Case ID: f2d_175/html/0442-01.html
Source: Caselaw Access Project
Author: {"author": "PER CURIAM.", "license": "Public Domain", "url": "https://static.case.law/"}
Date Created: 2024-08-24T03:29:51.129683

BANGHART v. SWOPE, Warden.
    No. 12166.
    United States Court of Appeals Ninth Circuit.
    June 16, 1949.
    Basil Banghart, in pro per.
    Frank J. Hennessy, U.S. Atty., Joseph Kares'h, Asst. U.S. Atty., San Francisco, Cal., for appellee.
    Before: MATHEWS, HEALY and ORR, Circuit Judges.
   PER CURIAM.

Appellant, to whom we shall hereafter refer as petitioner, an inmate of the United States Penitentiary at Alcatraz, California, petitioned the United States District Court for the Northern District of California, Southern Division, for a writ of habeas corpus. That court issued an order requiring E. B. Swope, Warden, United States Penitentiary, Alcatraz Island, California, to show cause why the said writ should not issue. Said Warden, to whom we shall hereafter refer as respondent, made a return which was traversed by petitioner. The said United States District Court determined from the petition, return and traverse that no factual issue was tendered and that the petition could be determined as a matter of law. The petition was denied and the proceedings dismissed.
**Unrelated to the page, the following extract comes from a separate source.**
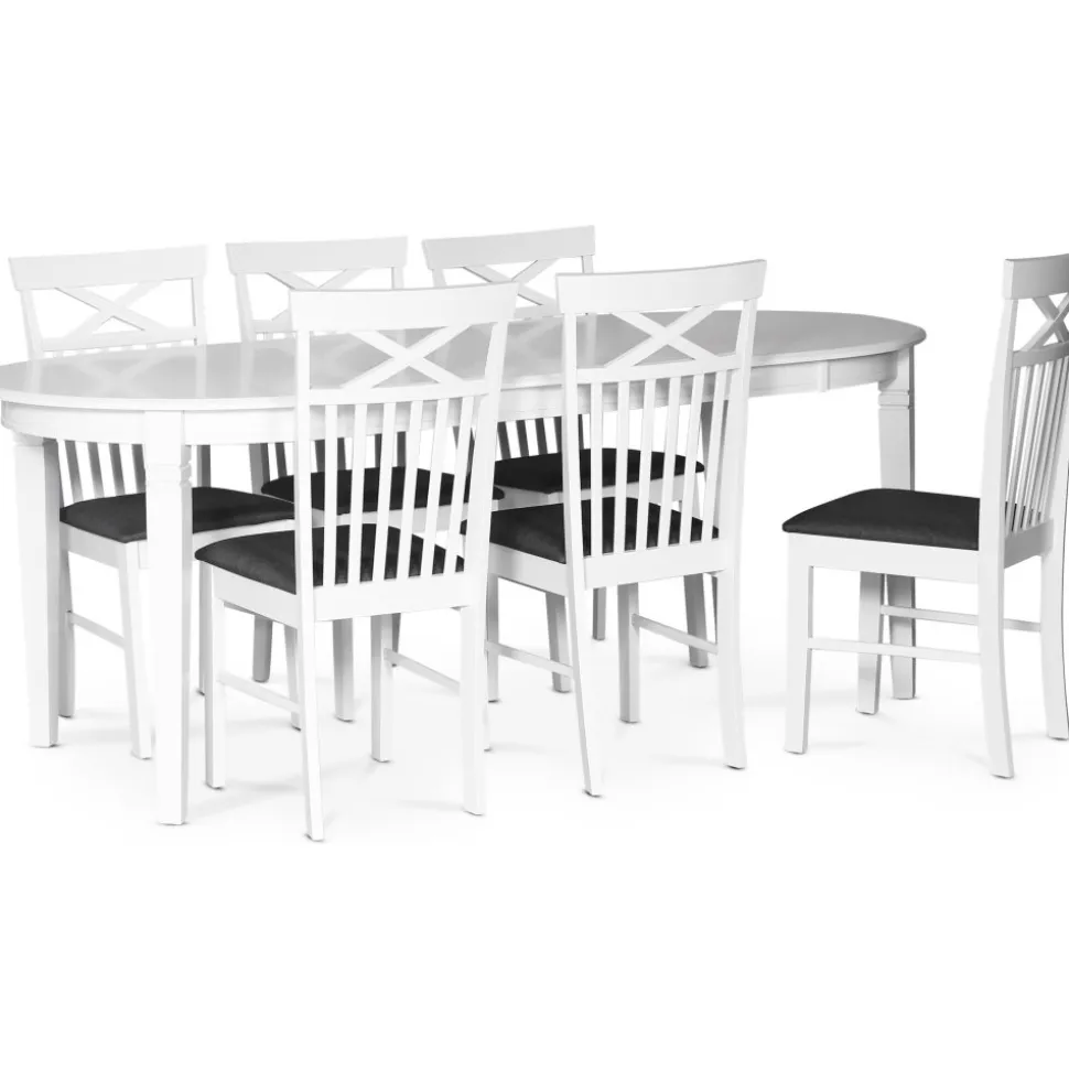 Sandhamn Klassiskt utförande. Stilrent Ovalt matbord med vitlackade ben och bordsskiva. Tillsammans med 6 st Sofiero matstolar blir det en perfekt kombination. Stolen med en skön sits klädd i antracitfärgat tyg.

Petitioner has appealed.

The judgment and sentence entered on May 15, 1934 in the Western District of North Carolina, Ashville Division, under which petitioner was imprisoned, reads in part as follows:

“Ordered and adjudged that the defendant, having been found guilty Of said offenses, is hereby committed to the custody of the Attorney General or his authorized representative for imprisonment for the period of five years on Count No. 1, twenty five years on Count No. 2, two years on Count No. 12, two years on Count No. 3, two years on Count No. 4, these sentences to run consecutively making a total of thirty six years.

“It appearing to the court that the defendant, Banghart, is now under sentence from Cook County, State of Illinois, for a term of ninety nine years imposed by the state court of Illinois, it is ordered that the defendant Banghart be returned to the custody of the Warden of the state prison, at Menard, Illinois, for the completion of his sentence and that the above sentence is to run concurrently with the sentence of ninety nine years.”

Petitioner escaped from the Illinois State Penitentiary on October 9, 1942, was later taken into custody, and on January 2, 1943, the Attorney General of the United States ordered that petitioner be transferred from the Illinois State Penitentiary to the United States Penitentiary at Alcatraz. Petitioner contends that the trial court having fixed the place of confinement as the Illinois State Penitentiary the Attorney General of the United States had no power to order his removal to the United States Penitentiary at Alcatraz.

Petitioner relies upon the case of Harrison v. Snook, Warden, D.C., 22 F.2d 169, in support of his contention. That case is not in point insofar as the present proceeding is concerned. Sentence in the Harrison v. Snook case was imposed prior to the enactment of 18 U.S.C.A. § 753f [now § 4082] which changed the rule permitting United States District Courts to designate a state penitentiary as the place of confinement. From the enactment of 18 U.S.G.A. § 753f to the June 14,1941 amendment trial courts had power to designate the term of imprisonment and the type of institution in which the sentence is to be served, hut not the place of confinement. Mahoney v. Johnston, 9 Cir., 144 F.2d 663. The order of the Attorney General of the United States that petitioner be transferred from the Illinois State Penitentiary to the United States Penitentiary at Alcatraz was a lawful exercise of power and petitioner is now lawfully in the custody of respondent at said United States Penitentiary at Alcatraz.

The order of the District Court denying the petition and dismissing the proceedings is affirmed.